Because of the nature of the funding process, a timeline is difficult to form.

“I would love to say in two years during June Dairy Month we will have a grand opening, but I can’t say that,” Montgomery said. “I can’t really see it happening any faster than that just because of some of the tasks that need to be accomplished.”

When the funding goal is eventually reached, the Dairy Pilot Plant and Training Center will be built at the university’s school farm where the 200-head of dairy cattle are milked with a parlor and two robots. The goal is to provide education, outreach, research and training for students, producers and consumers. 

The building will feature a production floor with observation windows, packaging capabilities and a store front. The area will serve as a host for any equipment that is brought in to experiment with. The entire design is plug and play with drop down electrical from the ceiling. Montgomery said it will provide proof of concept for a place where innovative dairy products can be made. 

The store will sell ice cream from the university’s student-led ice cream business, Pioneer Sweets. It will also offer local products and provide an observing opportunity for people in the store to see and hear what is happening on the production floor. 

Montgomery hopes local farmers and consumers will feel a positive impact from the Dairy Pilot Plant and Training Center.

Tera Montgomery



“It’s meant to inspire people and get them to think of what they could potentially do on their own farms,” Montgomery said. “We can show people what is really possible with farm to fork.”

The university plans to hire an agricultural business faculty member who can help analyze data for people who are using the pilot plant and figuring out how to launch their ideas. 

The benefits will extend to university students as well, with the opportunity to research and train close to campus.

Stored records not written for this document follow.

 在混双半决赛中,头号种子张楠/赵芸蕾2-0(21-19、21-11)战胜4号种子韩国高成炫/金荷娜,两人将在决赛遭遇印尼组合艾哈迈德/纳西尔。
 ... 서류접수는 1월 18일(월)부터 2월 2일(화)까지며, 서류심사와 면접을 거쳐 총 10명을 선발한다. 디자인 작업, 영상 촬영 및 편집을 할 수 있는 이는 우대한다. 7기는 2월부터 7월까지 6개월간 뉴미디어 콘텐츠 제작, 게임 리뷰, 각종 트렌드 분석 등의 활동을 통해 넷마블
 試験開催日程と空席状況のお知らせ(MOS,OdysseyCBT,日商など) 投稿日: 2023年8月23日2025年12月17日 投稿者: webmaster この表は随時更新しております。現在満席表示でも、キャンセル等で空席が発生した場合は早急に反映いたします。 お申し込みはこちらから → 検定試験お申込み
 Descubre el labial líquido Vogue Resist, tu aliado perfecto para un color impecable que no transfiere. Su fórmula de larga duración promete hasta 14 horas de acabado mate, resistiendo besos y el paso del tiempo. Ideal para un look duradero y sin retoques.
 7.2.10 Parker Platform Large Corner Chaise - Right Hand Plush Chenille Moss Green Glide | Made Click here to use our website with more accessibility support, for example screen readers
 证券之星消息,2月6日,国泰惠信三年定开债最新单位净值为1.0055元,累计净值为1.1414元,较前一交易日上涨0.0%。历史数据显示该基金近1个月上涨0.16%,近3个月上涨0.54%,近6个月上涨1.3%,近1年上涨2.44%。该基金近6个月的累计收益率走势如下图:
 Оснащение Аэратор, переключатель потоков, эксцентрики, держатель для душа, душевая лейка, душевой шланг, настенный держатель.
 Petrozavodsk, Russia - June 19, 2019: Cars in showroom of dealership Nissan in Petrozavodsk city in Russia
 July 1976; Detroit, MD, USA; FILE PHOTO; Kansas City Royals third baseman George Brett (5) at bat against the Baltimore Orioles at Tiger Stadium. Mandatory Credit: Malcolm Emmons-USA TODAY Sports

Ultimately, the Dairy Pilot Plant and Training Center will allow the current trajectory of the research center to continue with its momentum. Some projects that have been funded through the Dairy Innovation Hub, for example, could be expanded with the new facility.

One of the current research projects in the dairy food science area at UW-Platteville involves a new technology developing plasma-activated water. Plasma-activated water is antimicrobial in nature and could be used to eliminate bacteria where it is not wanted such as while cleaning surfaces or growing plants like alfalfa. 

Logistics play a role in the planning of the new facility as well. Montgomery said while UW-Madison is a well-known place to bring scientists together, the cost of travel and accommodations are more expensive than in the rural setting of Platteville. 

“There’s a lot of training that happens across the state that can now have another place where we can meet and get some perspectives on how to do things differently,” Montgomery said. “We can’t and won’t replace UW-Madison’s Center for Dairy Research, but we can be an extension of what they are accomplishing there.”

Montgomery said she would like to see this project go so well that it can be duplicated elsewhere in the state. Her hope is that the investment in the dairy industry will continue to be a priority across Wisconsin. 

“The more we know, the better resource we can be for future students, for current farmers and for alumni and everyone,” Montgomery said. “It’s a process, but that’s the awesome thing about Compeer stepping up and saying they want to help us get there faster.”